Your objective:
Take the data below and copy exactly the lines starting at the one with "Exporo AG mach" and finishing at the one with "特尼仁波切将吸进的烟从指尖呼出", both included.

Data entries
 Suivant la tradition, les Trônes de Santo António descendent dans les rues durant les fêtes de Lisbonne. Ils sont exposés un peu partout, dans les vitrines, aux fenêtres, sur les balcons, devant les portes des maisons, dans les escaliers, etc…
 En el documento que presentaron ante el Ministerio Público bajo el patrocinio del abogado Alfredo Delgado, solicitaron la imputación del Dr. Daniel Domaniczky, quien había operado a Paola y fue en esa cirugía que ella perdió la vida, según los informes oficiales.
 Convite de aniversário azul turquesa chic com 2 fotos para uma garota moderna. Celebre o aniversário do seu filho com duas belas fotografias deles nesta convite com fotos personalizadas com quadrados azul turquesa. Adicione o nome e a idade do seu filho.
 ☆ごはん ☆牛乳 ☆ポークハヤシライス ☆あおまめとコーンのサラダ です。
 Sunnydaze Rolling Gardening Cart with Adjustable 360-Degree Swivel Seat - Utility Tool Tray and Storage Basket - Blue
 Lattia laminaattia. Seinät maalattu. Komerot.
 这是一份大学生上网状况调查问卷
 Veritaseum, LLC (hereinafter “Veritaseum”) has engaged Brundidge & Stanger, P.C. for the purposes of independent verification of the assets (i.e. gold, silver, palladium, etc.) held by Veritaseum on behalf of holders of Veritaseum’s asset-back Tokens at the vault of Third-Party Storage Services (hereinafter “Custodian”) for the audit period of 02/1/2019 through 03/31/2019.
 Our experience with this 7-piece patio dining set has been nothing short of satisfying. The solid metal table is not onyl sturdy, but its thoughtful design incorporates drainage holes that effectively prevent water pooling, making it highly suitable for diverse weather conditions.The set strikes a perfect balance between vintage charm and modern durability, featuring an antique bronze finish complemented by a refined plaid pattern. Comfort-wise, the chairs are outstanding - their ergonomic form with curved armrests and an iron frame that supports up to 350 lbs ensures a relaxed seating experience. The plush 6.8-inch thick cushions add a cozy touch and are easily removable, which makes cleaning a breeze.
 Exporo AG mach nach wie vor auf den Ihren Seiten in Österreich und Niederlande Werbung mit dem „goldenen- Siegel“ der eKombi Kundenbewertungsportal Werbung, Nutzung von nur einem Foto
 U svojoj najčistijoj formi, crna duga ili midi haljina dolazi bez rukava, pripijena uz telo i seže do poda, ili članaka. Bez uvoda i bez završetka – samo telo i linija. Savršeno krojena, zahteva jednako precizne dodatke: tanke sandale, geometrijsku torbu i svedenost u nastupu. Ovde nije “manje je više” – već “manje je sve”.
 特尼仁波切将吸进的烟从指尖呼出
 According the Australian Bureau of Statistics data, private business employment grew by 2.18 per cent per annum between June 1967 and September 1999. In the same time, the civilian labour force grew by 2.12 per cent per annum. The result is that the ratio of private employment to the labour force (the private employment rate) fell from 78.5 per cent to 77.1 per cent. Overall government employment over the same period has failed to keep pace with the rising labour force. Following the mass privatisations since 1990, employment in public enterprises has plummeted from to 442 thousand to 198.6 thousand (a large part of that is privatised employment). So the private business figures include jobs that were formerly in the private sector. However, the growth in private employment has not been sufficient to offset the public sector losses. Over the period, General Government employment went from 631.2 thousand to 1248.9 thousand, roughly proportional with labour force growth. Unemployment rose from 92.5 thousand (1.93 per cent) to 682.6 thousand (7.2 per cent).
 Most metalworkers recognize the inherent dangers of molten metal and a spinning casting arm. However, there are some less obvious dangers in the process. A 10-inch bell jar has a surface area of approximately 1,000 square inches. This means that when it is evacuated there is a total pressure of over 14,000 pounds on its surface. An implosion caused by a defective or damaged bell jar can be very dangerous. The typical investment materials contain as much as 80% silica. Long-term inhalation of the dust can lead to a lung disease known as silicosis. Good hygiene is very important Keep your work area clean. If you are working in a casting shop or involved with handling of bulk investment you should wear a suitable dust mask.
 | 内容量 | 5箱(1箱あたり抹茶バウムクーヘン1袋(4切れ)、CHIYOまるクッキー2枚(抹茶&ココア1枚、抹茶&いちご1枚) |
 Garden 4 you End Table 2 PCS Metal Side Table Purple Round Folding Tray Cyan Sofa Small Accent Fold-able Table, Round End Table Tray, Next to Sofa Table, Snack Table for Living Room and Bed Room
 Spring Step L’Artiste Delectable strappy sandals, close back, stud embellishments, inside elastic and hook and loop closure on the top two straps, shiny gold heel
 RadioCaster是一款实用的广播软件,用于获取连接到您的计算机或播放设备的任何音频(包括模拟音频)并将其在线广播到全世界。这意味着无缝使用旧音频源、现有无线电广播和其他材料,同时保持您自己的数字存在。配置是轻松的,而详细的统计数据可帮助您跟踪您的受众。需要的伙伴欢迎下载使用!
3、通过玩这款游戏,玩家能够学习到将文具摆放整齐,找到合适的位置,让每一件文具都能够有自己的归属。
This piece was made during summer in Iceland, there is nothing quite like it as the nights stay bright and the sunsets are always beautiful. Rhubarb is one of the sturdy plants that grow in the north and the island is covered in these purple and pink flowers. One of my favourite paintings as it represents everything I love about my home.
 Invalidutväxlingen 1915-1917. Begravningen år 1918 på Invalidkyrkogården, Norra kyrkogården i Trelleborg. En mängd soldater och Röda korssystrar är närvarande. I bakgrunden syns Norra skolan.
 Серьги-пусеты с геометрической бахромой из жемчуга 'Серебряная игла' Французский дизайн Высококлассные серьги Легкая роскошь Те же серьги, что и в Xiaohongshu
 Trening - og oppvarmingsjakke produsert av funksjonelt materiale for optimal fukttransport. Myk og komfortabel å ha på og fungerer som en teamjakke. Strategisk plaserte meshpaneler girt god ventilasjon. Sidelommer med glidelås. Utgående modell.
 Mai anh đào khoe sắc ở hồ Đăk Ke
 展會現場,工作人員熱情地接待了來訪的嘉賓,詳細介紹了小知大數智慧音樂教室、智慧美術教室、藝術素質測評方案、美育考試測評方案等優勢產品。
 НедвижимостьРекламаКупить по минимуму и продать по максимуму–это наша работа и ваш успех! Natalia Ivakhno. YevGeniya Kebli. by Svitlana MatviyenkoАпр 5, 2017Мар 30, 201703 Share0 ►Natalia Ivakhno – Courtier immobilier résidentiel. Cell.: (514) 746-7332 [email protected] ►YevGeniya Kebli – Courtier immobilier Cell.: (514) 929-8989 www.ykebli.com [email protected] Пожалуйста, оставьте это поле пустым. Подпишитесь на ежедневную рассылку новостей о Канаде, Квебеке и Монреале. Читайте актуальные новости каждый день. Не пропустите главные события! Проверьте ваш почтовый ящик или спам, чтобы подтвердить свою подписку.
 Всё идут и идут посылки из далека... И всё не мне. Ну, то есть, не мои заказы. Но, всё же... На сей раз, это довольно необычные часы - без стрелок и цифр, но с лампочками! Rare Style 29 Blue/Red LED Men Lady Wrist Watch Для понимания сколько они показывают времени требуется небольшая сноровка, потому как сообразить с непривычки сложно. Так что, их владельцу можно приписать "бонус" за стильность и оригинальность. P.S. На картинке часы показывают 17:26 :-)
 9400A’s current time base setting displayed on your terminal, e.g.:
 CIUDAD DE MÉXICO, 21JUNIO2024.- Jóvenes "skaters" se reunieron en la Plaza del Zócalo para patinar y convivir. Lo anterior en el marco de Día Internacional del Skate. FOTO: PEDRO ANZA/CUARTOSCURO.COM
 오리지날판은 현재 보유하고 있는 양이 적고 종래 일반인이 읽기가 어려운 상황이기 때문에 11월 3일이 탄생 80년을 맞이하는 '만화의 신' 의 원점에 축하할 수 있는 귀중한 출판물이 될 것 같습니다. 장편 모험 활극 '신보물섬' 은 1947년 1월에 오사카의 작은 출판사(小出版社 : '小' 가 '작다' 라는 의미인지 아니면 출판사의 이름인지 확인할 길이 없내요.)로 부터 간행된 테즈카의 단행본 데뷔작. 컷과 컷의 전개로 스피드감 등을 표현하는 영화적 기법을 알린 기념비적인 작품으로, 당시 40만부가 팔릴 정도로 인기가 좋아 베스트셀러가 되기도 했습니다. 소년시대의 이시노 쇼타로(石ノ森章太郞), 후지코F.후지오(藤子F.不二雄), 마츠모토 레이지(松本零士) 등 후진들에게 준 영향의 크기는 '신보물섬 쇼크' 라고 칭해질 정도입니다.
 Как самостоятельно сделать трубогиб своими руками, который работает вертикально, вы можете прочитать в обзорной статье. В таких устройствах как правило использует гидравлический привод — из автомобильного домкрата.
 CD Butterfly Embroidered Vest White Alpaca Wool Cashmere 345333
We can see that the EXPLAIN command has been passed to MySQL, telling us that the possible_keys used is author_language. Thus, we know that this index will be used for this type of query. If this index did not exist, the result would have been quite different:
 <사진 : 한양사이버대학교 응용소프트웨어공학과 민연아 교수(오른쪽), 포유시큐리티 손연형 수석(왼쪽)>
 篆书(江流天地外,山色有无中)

Solution below:
 Exporo AG mach nach wie vor auf den Ihren Seiten in Österreich und Niederlande Werbung mit dem „goldenen- Siegel“ der eKombi Kundenbewertungsportal Werbung, Nutzung von nur einem Foto
 U svojoj najčistijoj formi, crna duga ili midi haljina dolazi bez rukava, pripijena uz telo i seže do poda, ili članaka. Bez uvoda i bez završetka – samo telo i linija. Savršeno krojena, zahteva jednako precizne dodatke: tanke sandale, geometrijsku torbu i svedenost u nastupu. Ovde nije “manje je više” – već “manje je sve”.
 特尼仁波切将吸进的烟从指尖呼出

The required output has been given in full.